## PROBLEM TO WORK ON
Please produce an exact copy of only the lines from the one with "Cinderella Still Climbing" through the last one of the material, without pictures.

====

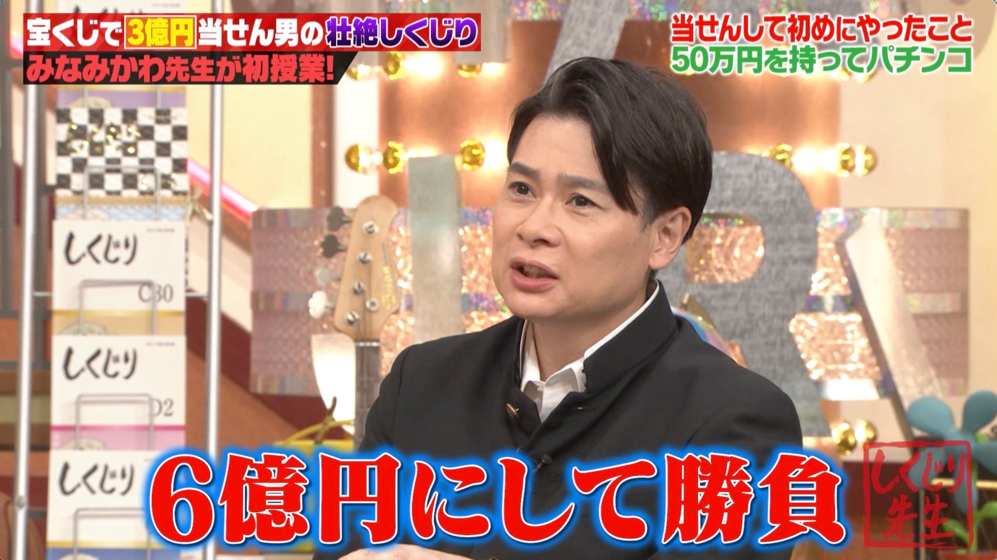 みなみかわが初授業!宝くじ1等当せんするも“女性に貢いで3億2000万円使い果たした男”の壮絶しくじり人生に教室騒然/ノブコブ・吉村の“3億円当せんシミュレーション”とは...?『しくじり先生』
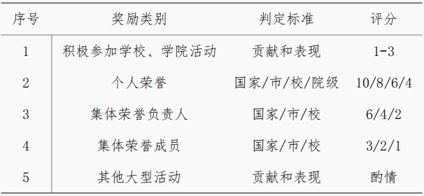 c. 奖励得分由活动负责人或学院研究生工作办公室按下表计核定,多项荣誉分数可累计。
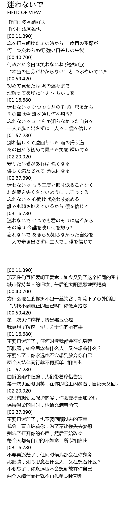 | [02:37.850] | 迷わないで もう二度と振り返ることなく |
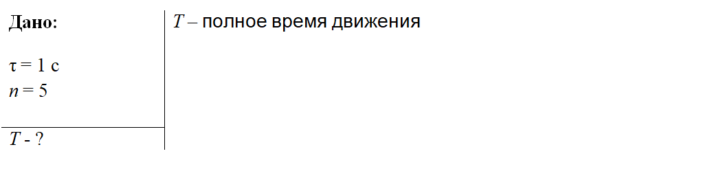Полное условие задачи Тело, свободно падающее с некоторой высоты без начальной скорости, за время в 1 с после начала движения проходит путь в п = 5 раз меньший, чем за такой же промежуток времени в конце движения. Найдите полное время движения. Краткое условие задачи Решение задачи 1) Свободно падающее тело движется равноускоренно с ускорением свободного падения g. В системе отсчета, связанной с землей (см. рис.), при указанных начальных условиях закон движения тела с постоянным ускорением (зависимость координаты от времени) имеет вид: 2) Положение точки в момент времени отмечено на рисунке координатой а в момент времени отмечено координатой Здесь T – полное время движения и Исходя из выше сказанного, можно составить следующую систему уравнений: 3) Путь s, пройденный за последнюю секунду равен В соответствии с условием задачи путь s, пройденный за последнюю секунду в n раз больше пути, пройденного за первую секунду, который равен То есть Или После сокращения получаем Отсюда на
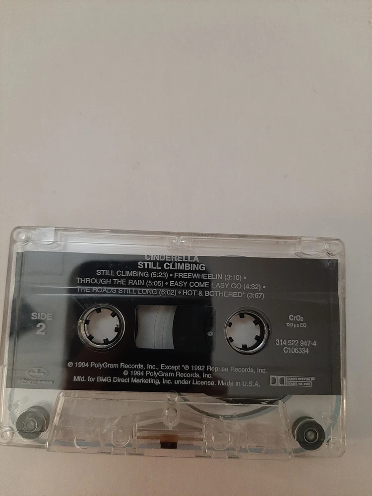 Cinderella Still Climbing Long Cold Winter Rock Music Cassette Tape Lot Of 2 In good pre-owned condition may show signs of wear from use/handling/storage/display. Please view all pics for condition/details/flaws/issues. SOLD AS IS UNTESTED There are lite scratches to case There are marks/spots/dirt/debris please see photos 1-7, there may be paint loss/sticker loss/tape loss please see photos 1-7, there is lite discoloration please see photos 1-7, there are surface scratches to item please see photos 1-7, please see all photos for condition/issues/details.
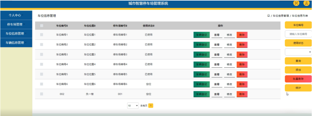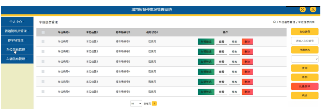 车位信息管理管理,在车位信息管理页面可以查看车位编号,车位名称,停车场编号,使用状态等内容,并进行车辆登记、查看、修改和删除操作,如图5-10所示。

====

## RESPONSE TO THIS EXERCISE
 Cinderella Still Climbing Long Cold Winter Rock Music Cassette Tape Lot Of 2 In good pre-owned condition may show signs of wear from use/handling/storage/display. Please view all pics for condition/details/flaws/issues. SOLD AS IS UNTESTED There are lite scratches to case There are marks/spots/dirt/debris please see photos 1-7, there may be paint loss/sticker loss/tape loss please see photos 1-7, there is lite discoloration please see photos 1-7, there are surface scratches to item please see photos 1-7, please see all photos for condition/issues/details.
 车位信息管理管理,在车位信息管理页面可以查看车位编号,车位名称,停车场编号,使用状态等内容,并进行车辆登记、查看、修改和删除操作,如图5-10所示。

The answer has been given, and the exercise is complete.